London: A British father plunged to his death in the Alps while desperately searching for his 12-year-old son who had been killed in a fall minutes earlier.

Police believe the panic-stricken father, who had been hiking with his son in the snow on Mont Blanc, was on the phone to emergency services asking for help when he lost his footing.

The 48-year-old man managed to tell rescuers his son had fallen out of sight down a couloir — a deep gully — but communication was cut off before he could give the location.

An attempt to speak to him again is understood to have left rescuers able to hear only his footsteps and laboured breathing as he trudged through the snow in a frantic state on Saturday.

They kept calling back but went straight to answerphone — and it is believed that by then he had plunged into the same gully as his son.

Interpol were later able to contact the man’s wife in Buckingham, Buckinghamshire, and, using a photograph the pair had sent her from the mountain earlier in the day, pinpoint their whereabouts.

Mountain police eventually reached them early on Sunday morning, but both the man and his son were dead.

It appeared the father had tried to save his son alone but had also fallen. Their bodies were found at 7.40am on Sunday, more than 16 hours after the father’s call, during the fourth aerial search.

The son had fallen about 298 metres. The father was discovered about 45 metres above him. They were at an altitude of 1,524 metres on the 4,810-metre mountain.

Police said the pair were wearing normal walking boots on a route rarely dared in winter where crampons and proper climbing gear are essential.

Captain Patrice Ribes of the mountain police said on Sunday in the French ski resort of Chamonix: “We think the man fell while he was on the phone to the police. We think he called immediately after his son had fallen and that he fell very shortly after. It all happened very quickly.”

The pair had arrived in the Chamonix valley on Saturday morning. They had hired a car from Geneva and telephone records show the father called his wife in Buckingham at 10am.

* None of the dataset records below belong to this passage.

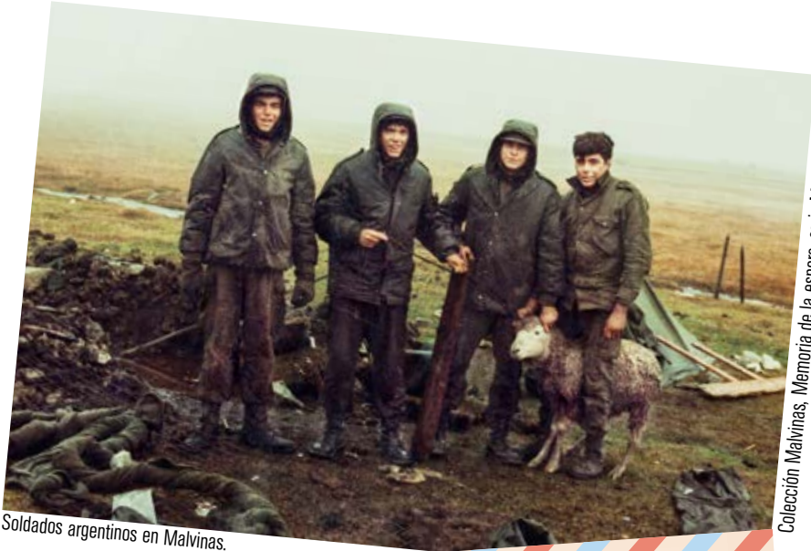
Soldados argentinos en Malvinas.

Colección Malvinas, Memoria de la espera, serie Martín Borba.
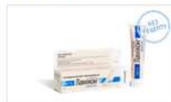
Ламікон® Дермigel (Lamicon Dermigel)
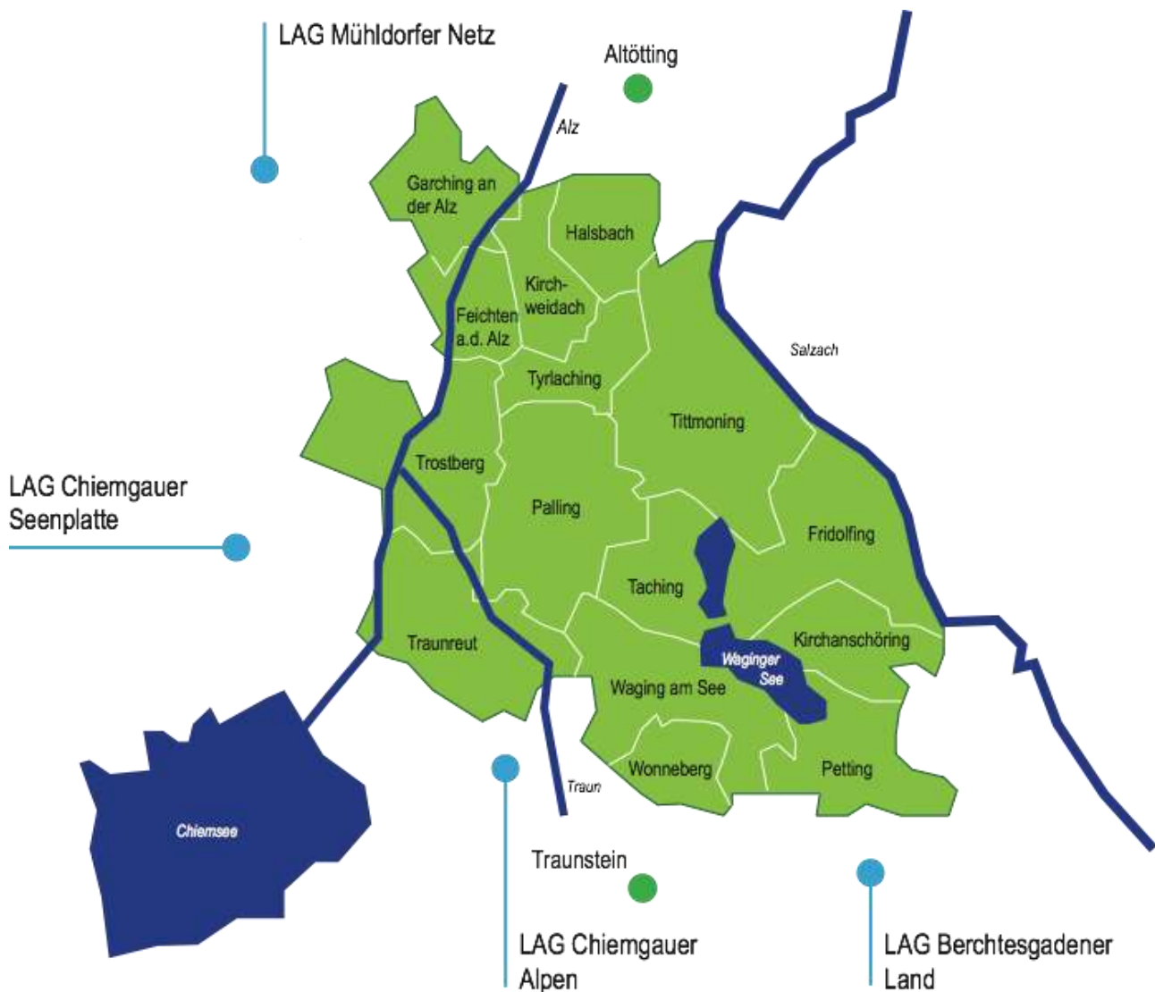
Abbildung 1: Die Region und weitere bestehende Initiativen
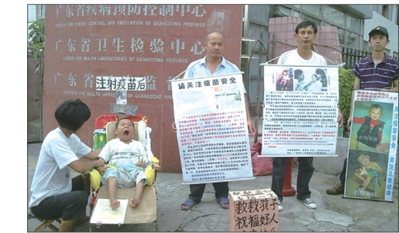
毒疫苗受害家长抗议讨公道

山东东营市利津县数十名孩子家长游行示威至县政府，要求政府就毒疫苗事件给民众一个说法，遭到警察镇压。
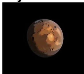
В Планета Марс
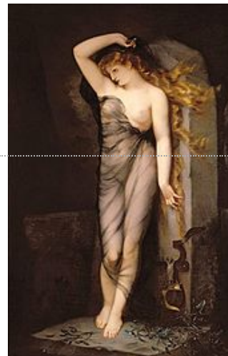
Charles Voillemot, Velléda , 1869.

Chateaubriand, notamment, s'inspire du personnage pour créer son héroïne des Martyrs Velléda , druidesse vierge de l' île de Sein , véritable symbole de la femme gauloise 9 .
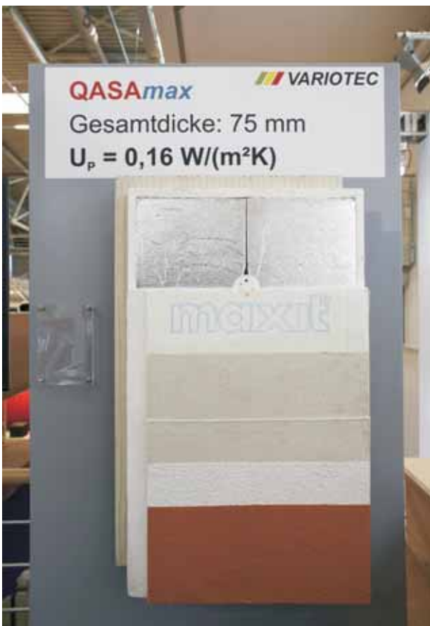
QASAmix: Das Wärmedämm-Verbundsystem mit U_p = 0,16 \text{ W}/(\text{m}^2\text{K})
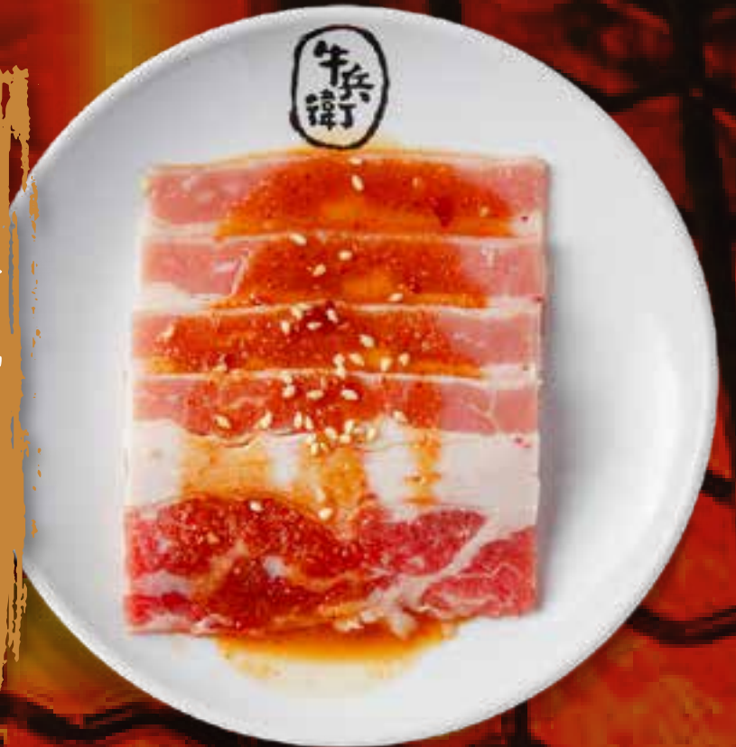
MISO BEEF BRISKET

They had planned to spend the weekend in the resort and had booked, via the internet, the two-star hotel Les Melezes in the nearby town of Les Houches.

According to police the area they had chosen to hike, called La Jonction, at Bossons is a popular summer route rather than suitable for winter or early spring. There are steep escarpments and the path is often covered with snow and ice at this time of the year.

Captain Ribes said: “It is a dangerous, deep, snowy hike. It is not a route that is chosen much at this time of the year, especially without snowshoes.

“In the winter you cannot see the path, it is hidden by snow.

“The accident is being investigated and it will determine the circumstances of the accident, as well as the level of preparation of the hiker and his experience. The father and son should have had proper mountain equipment — crampons and climbing gear.”

It was just before 3pm on Saturday when the emergency centre in Annecy received the frantic call from the father.

Francis Bianchi, the sub-prefect of Bonneville, said: “The man spoke in English and said he was in Les Bossons in the commune of Les Houches and that his son had fallen. He did not say anything else.

“The call was immediately transferred to the mountain police in Chamonix.

“They repeatedly asked him questions. They could hear him and he was panicked.

“He did not reply to their questions. And then it cut off. It was dramatic. They kept trying to call him back but it went straight through to the answerphone.”

Meanwhile police had already alerted the helicopter rescue, but the area is vast.

Three sweeps were carried out, including with infrared cameras after dark.

On Saturday evening the man’s wife was contacted and her help was used to direct a fourth helicopter search on Sunday morning, despite high winds. It was then the bodies were spotted.

Bianchi said: “They were found 50 metres apart. They had fallen down the very steep Couloir des Pyramides over rocks and on to the glacier below.” Mayor of Chamonix Eric Fournier said it was vital to take full precautions when venturing on to the mountain.

The mayor’s assistant Jean Louis Verdier, a keen mountaineer, said of the route taken by the pair: “I have turned back in springtime before. It is icy. It is not a winter hike.”

A Foreign Office spokesman said: “We can confirm the death of two British nationals in the French Alps and are providing consular assistance to the family at this difficult time.”

On average around 100 people a year die in similar tragedies in the Mont Blanc area.

Last July, three Britons were among nine mountaineers swept to their deaths by an avalanche on Mont Maudit in the Mont Blanc range.